ドライ・ウェットさと愛

2005.03-2005.05 大塚いわお


愛とは、一般に、人間愛とか、男女愛、同性愛などを示す。

愛は、
(1)人を好きになる。その人に「近づきたい」。好きな人と、いつまでも「一緒に」いたい。好きな人を「独占したい」。

(2)好きな人のために何でもする(援助・奉仕)。好きな人のために全てを捧げる、投げ出す(犠牲)。

(3)好きな人と、気持ちの「つながり」を持ちたい。

(4)好きな人と、いつまでも一緒にいて、離れたくない(愛着)。周囲が引き離そうとすると、必死になって抵抗する。
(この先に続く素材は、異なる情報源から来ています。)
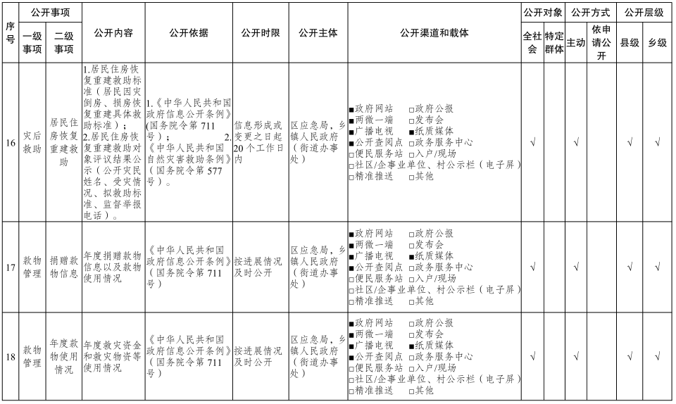 重慶市梁平區(qū)鄉(xiāng)鎮(zhèn)(街道)救災(zāi)領(lǐng)域基層政務(wù)公開標(biāo)準(zhǔn)目錄

こうした愛は、全て、相手との一体・融合感、くっつき感、癒着・接続感を与えるものである。その点、「愛はウェットである」、と言える。

一方、愛情は、ウェットなものばかりでなく、ドライな愛情もあると考えられる。

ドライな愛情は、相手のプライバシーや自由意思を尊重し、相手に対して干渉したり、束縛せず、相手の好きなようにさせてあげる、という相手に対する思いやりとして表される。

ウェットな愛情は、ともすれば、相手との一体感(相手と一緒にいること)を望む分、相手を自分の元へと引き寄せようとするあまり、相手を束縛し、不自由な思いをさせることにもつながる。その対極として、相手に自分の世界を大切に持たせ、自由に、自分の意思を貫徹させようとする、相手に意思決定の自由を与え、思い通りにさせてあげよう、相手の思いをかなえてあげようとするのが、ドライな愛情である。


[注]この稿は、2004年度末に放送されたアニメ「神無月の巫女」最終話を見た感想を土台にしています。